Required work: When you reach the line that contains "8月29日下午,泰州市海陵区", begin copying exactly, and continue through the last line of the data; no pictures belong in the copy.

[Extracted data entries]
======
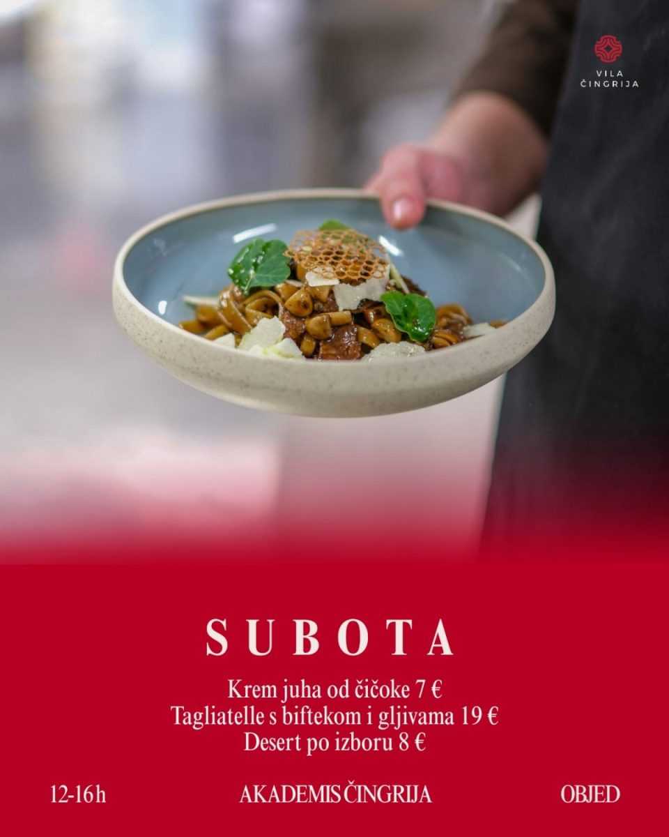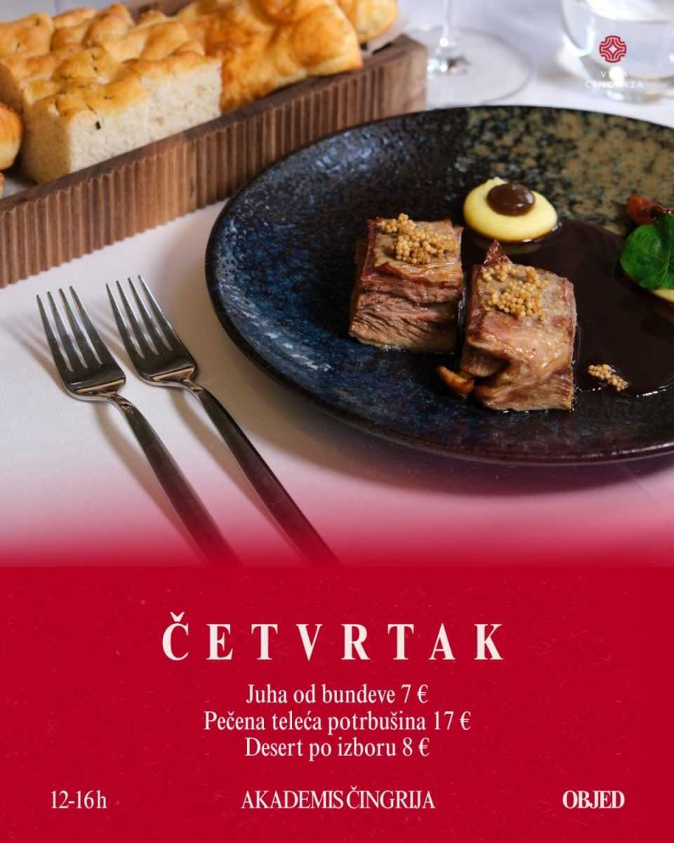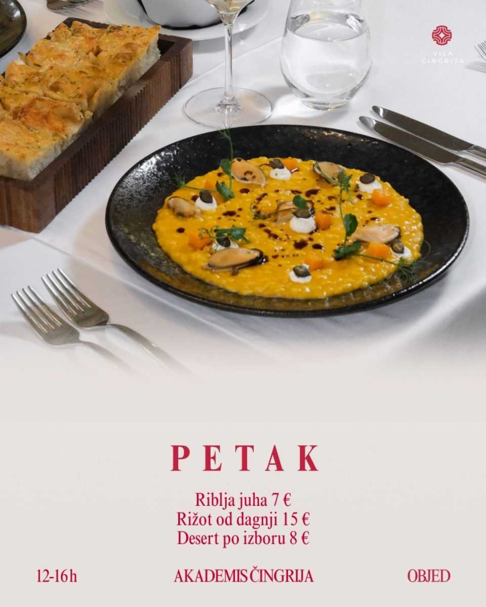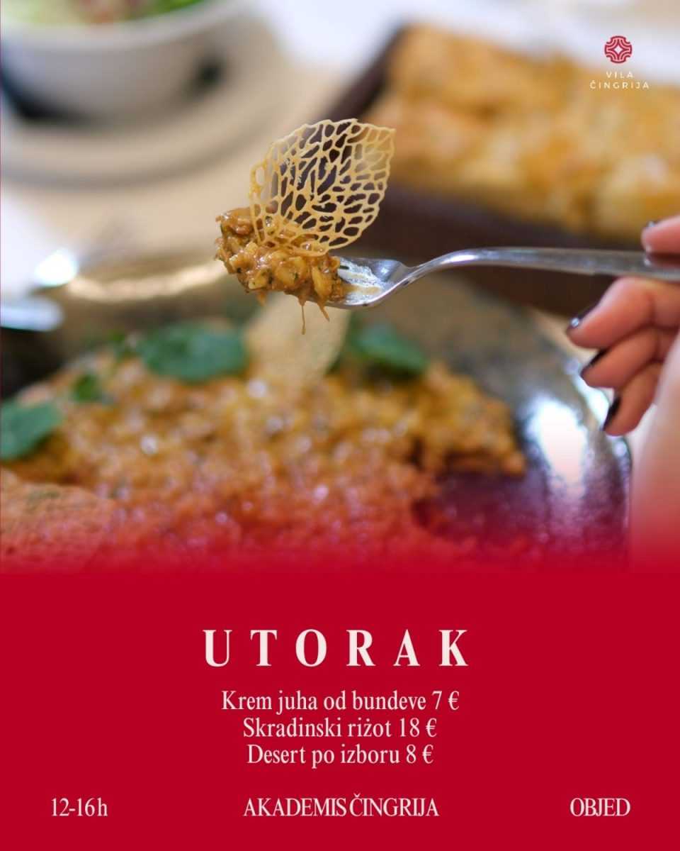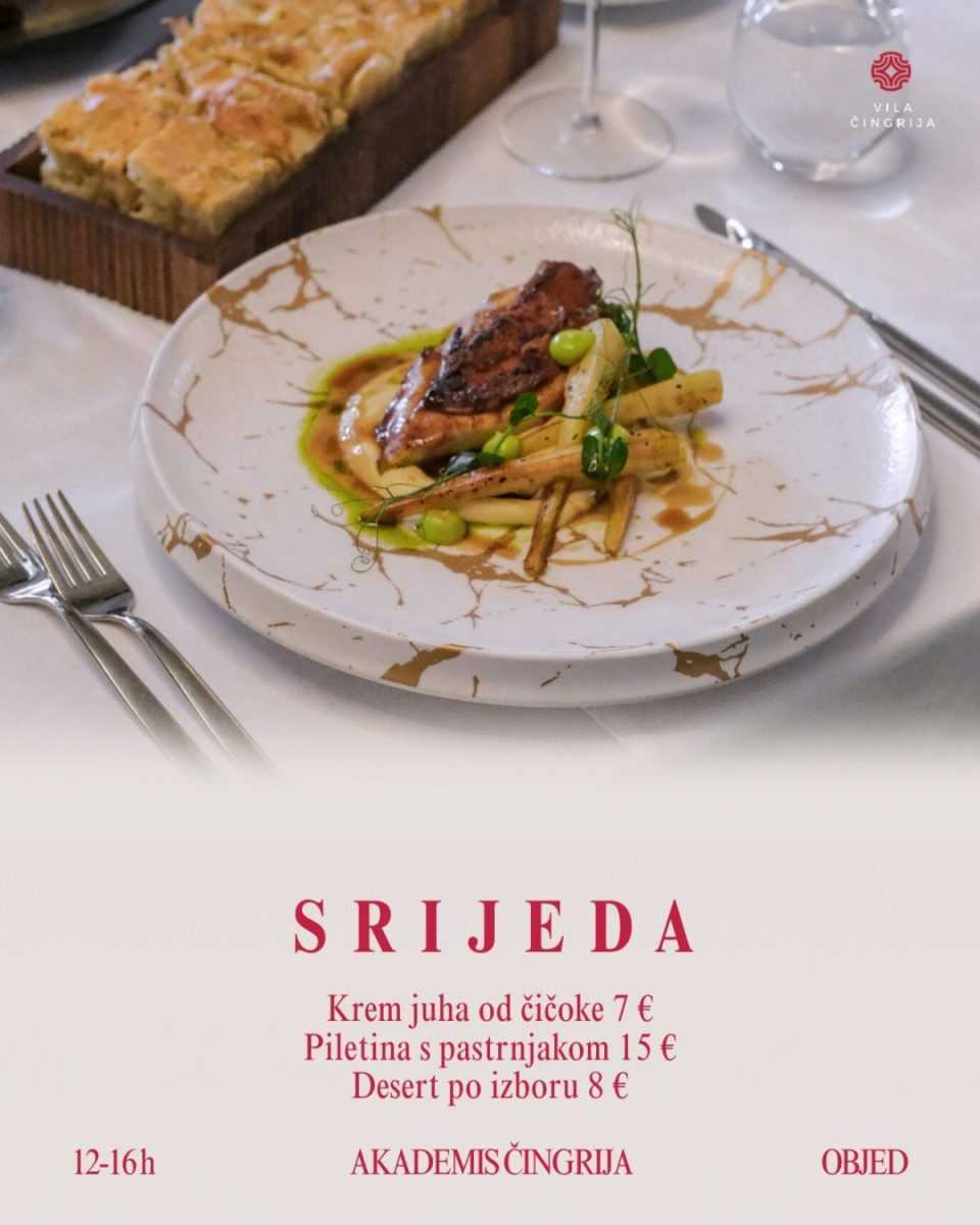 Akademis Čingrija od utorka do subote, od 12 do 16 sati, poslužuje posebno osmišljene dnevne objede kroz petodnevni jelovnik dostupan isključivo u tom terminu. Riječ je o konceptu koji spaja konkretan rad, ozbiljnu kuhinju i ambijent koji cijelom iskustvu daje dodatnu vrijednost.
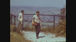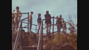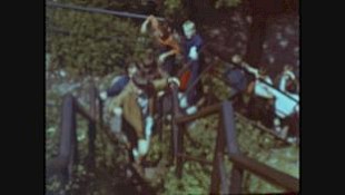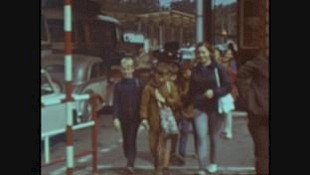 Kinder überqueren zu Fuß offenbar eine Grenze (CSSR / Tschechien?)
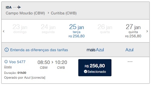 Os voos Campo Mourão-Curitiba pela Azul começam só em 25 de janeiro, mas já é possível comprar a passagem.
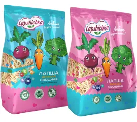 Разноцветная овощная лапша Lapshichka - это цветные макароны, приготовленные из муки твердых сортов пшеницы и овощей: свеклы и шпината. Именно натуральные овощи делают наши макароны такими яркими. Разноцветные макароны не только вкусное и полезное блюдо, но и украшение стола.
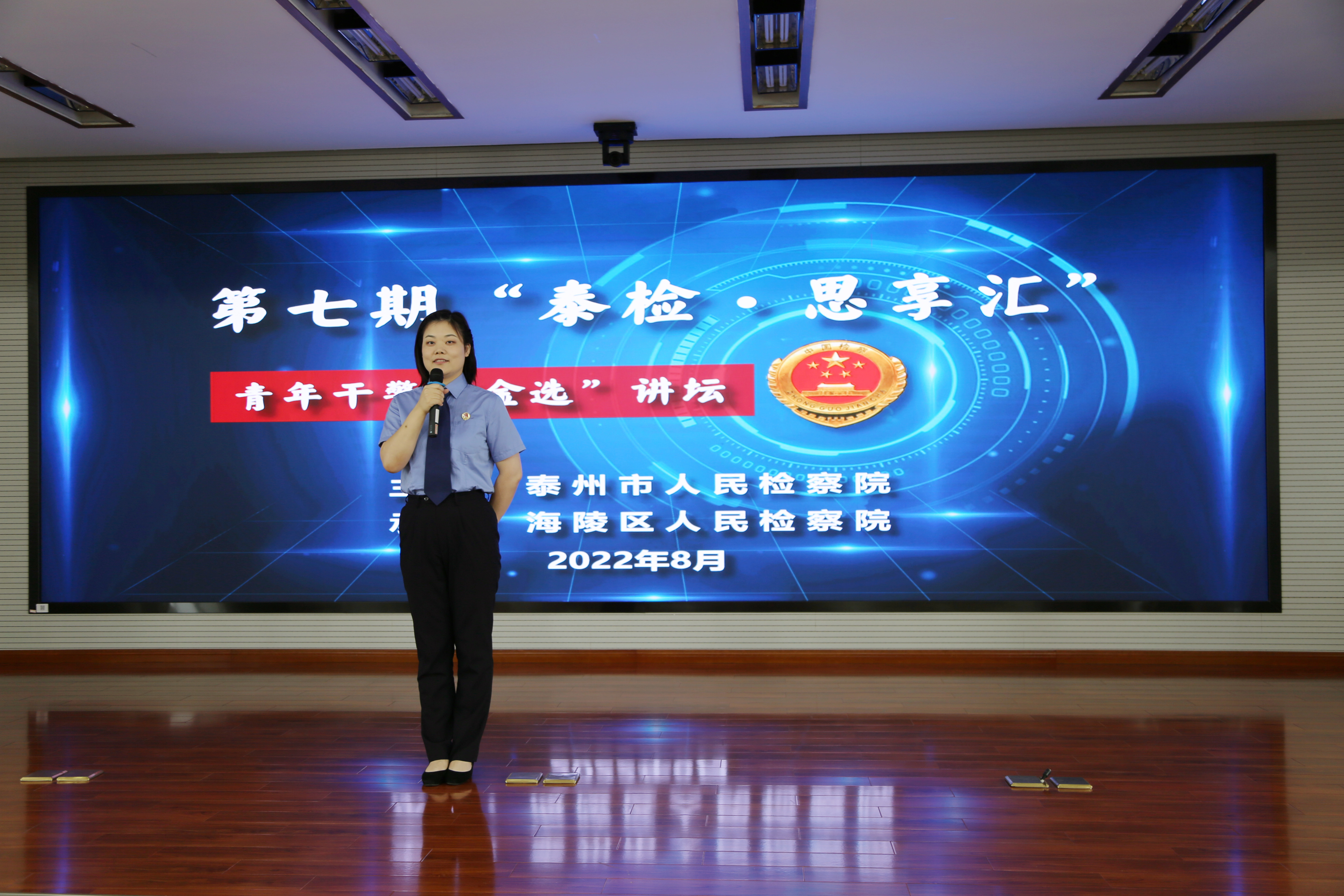 8月29日下午,泰州市海陵区人民检察院承办了泰州市检察机关第七期“泰检·思享汇”暨青年干警“金选”讲坛活动。泰州两级院全体人员参加活动。
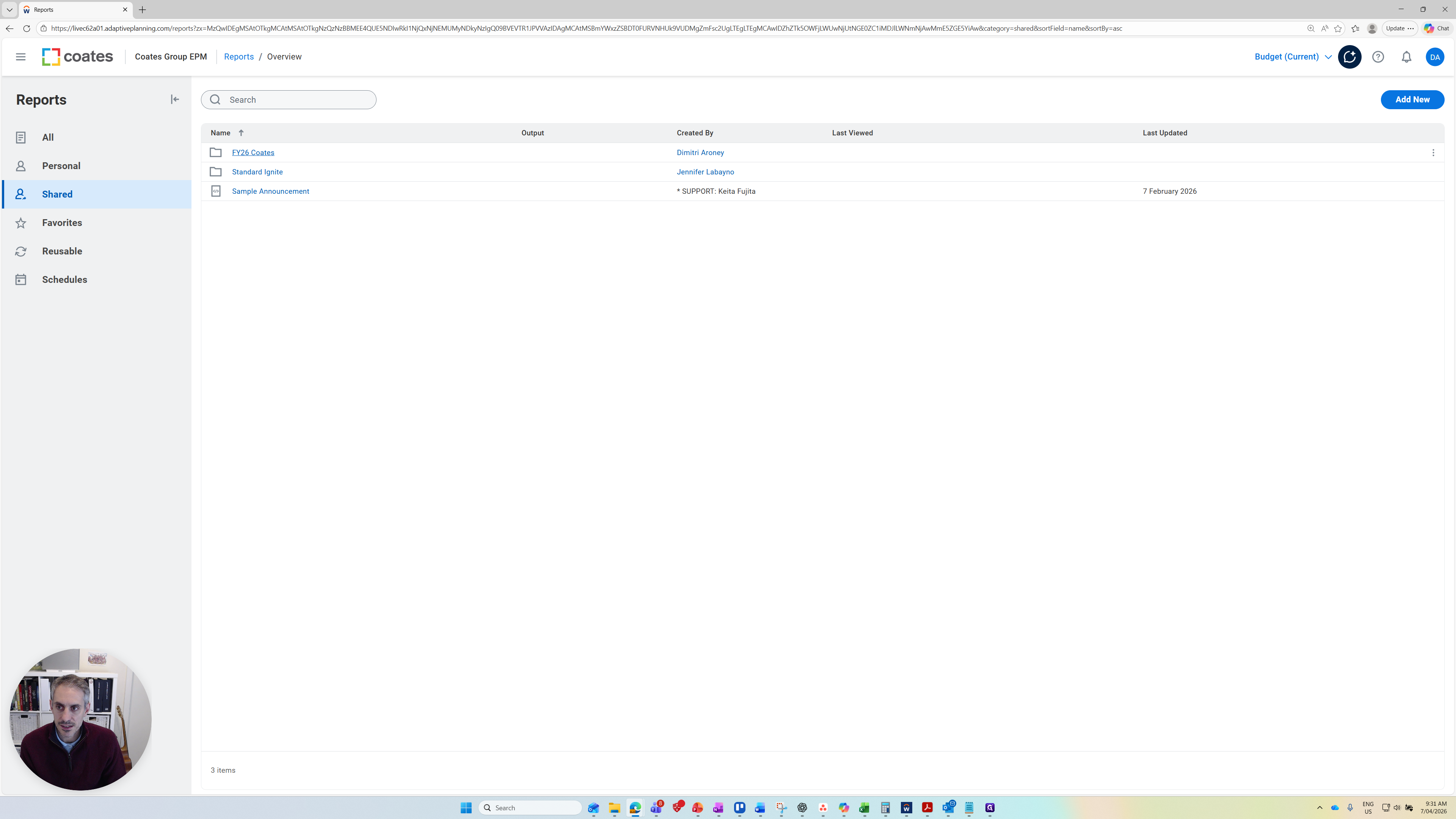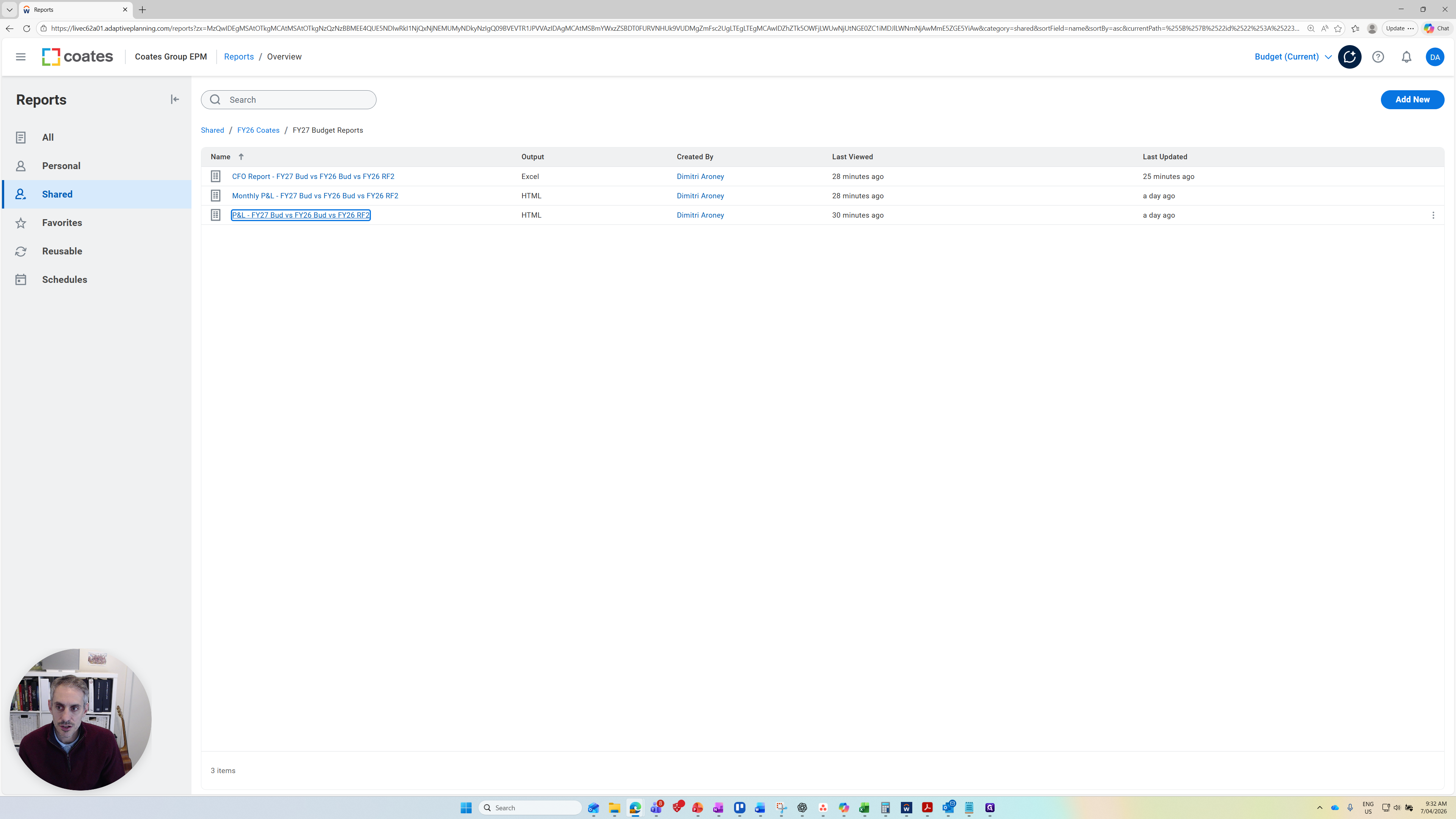 Potentially, more will be added as we continue through the budget session. These are the standard reports built so far. This does not prevent you from creating more reports in the future. There are three reports available. The main one I suggest is the P&L report at the bottom.
======
Solution below:
 8月29日下午,泰州市海陵区人民检察院承办了泰州市检察机关第七期“泰检·思享汇”暨青年干警“金选”讲坛活动。泰州两级院全体人员参加活动。
 Potentially, more will be added as we continue through the budget session. These are the standard reports built so far. This does not prevent you from creating more reports in the future. There are three reports available. The main one I suggest is the P&L report at the bottom.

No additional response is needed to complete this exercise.